Menurut Yahya Harahap dkk, ada faktor-faktor
yang menjadi alasan perlunya alternative penyelesaian sengketa
(ADR) sebagai berikut :
- Adanya tuntutan dunia bisnis.
- Adanya berbagai kritik yang dilontarkan kepada
lembaga peradilan.
- Peradilan pada umumnya tidak responsif.
- Keputusan pengadilan tidak menyelesaikan
masalah.
- Kemampuan para hakim bersifat generalis.
- Adanya berbagai ungkapan yang mengurangi citra
pengadilan.
- Pencegahan terjadinya sengketa akan
memperkecil sengketa.
Dasar hukum Alternativ Dispute Resolution/ADR
sebagai berikut :
- Dasar filosofi yaitu pancasila.
- Reglement op de Burgerlijke Rechvordering (RV)
atau pengaturan Arbitrase.
- Konvensi Washinton/dengan UU No 5/1968.
- Konvensi New York dan Keppres No : 34/1981.
- UU No : 14/1970 sekarang UU No : 4/2004.

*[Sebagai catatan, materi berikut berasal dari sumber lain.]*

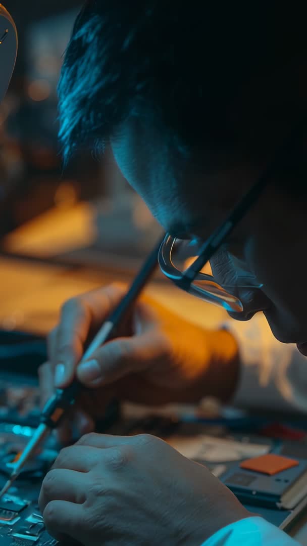 AI Generated Image. Close-up vertical video showing electronics technician soldering circuit board while inspecting joint with magnifying glass. Warm orange and cool blue lighting creating cinematic contrast and highlighting hands, soldering iron, tiny SMD components. Footage focusing on precision, steady hands, careful technique, delicate solder joints and component placement. Ideal for tech tutorials, repair walkthroughs, product demos, electronics training videos, social media reels and vertical ads. Use for website hero banners, blog headers, YouTube Shorts, Instagram Reels, TikTok clips, e-learning modules, or promotional clips for repair services. Provide editing suggestions: slow motion for soldering action, close crop on joint for emphasis, color grading to enhance moody contrast, on-screen captions for step-by-step guidance. Licensing-friendly clip suitable for commercial, instructional, and editorial projects in electronics and engineering niches.

- Tahun 1977 didirikan BANI.
- UU Nomor 30/1999 tentang Arbitrase.
Alternatif Penyelesaian Sengketa (termasuk arbitrase)
dapat diberi batasan sebagai sekumpulan prosedur atau mekanisme yang berfungsi
memberi alternatif atau pilihan suatu tata cara penyelesaian sengketa melalui
bentuk arbitrase agar memperoleh putusan akhir dan mengikat para pihak. Secara
umum, tidak selalu dengan melibatkan intervensi dan bantuan pihak ketiga yang
independent yang diminta membantu memudahkan penyelesaian sengketa tersebut”
(Abdulrasyid, 2002).
Dengan demikian, jelaslah yang dimaksud dengan ADR (Alternative
Dispute Resolution) atau Alternatif Penyelesaian Sengketa adalah suatu
pranata penyelesaian sengketa di luar pengadilan berdasarkan kesepakatan para
pihak dengan menyampingkan penyelesaian sengketa secara litigasi di pengadilan.
Dalam UU No. 30 Tahun 1999, dapat kita temui sekurangnya ada lima macam cara
penyelesaian sengketa di luar pengadilan yaitu
1
Konsultasi
2
Negosiasi.
3
Mediasi.
4
Konsiliasi.
5
Arbitrase.
- KONSULTASI
Dalam Black’s Law Dictionary yang dikutip oleh Gunawan
Widjaja, pada prinsipnya konsultasi merupakan suatu tindakan yang bersifat
personal antara suatu pihak tertentu, yang disebut dengan klien dengan pihak
lain yang merupakan pihak konsultan, yang memberikan pendapatnya kepada
kliennya untuk memenuhi keperluan dan kebutuhan kliennya tersebut (Widjaya,
2001). Peran konsultan dalam menyelesaikan perselisihan atau sengketa yang ada
tidaklah dominan sama sekali. Konsultan hanyalah memberikan pendapat (hukum), sebagaimana
diminta oleh kliennya, yang untuk selanjutnya keputusan mengenai penyelesaian sengketa
tersebut akan diambil sendiri oleh para pihak, meskipun adakalanya pihak
konsultan juga diberikan kesempatan untuk merumuskan bentuk-bentuk penyelesaian
sengketa yang dikehendaki oleh para pihak yang bersengketa tersebut.
- NEGOSIASI
Istilah negosiasi berasal dari
bahasa Inggris “Negotiation” yang berarti perundingan, sedangkan orang yang
mengadakan perundingan disebut dengan “negosiator”.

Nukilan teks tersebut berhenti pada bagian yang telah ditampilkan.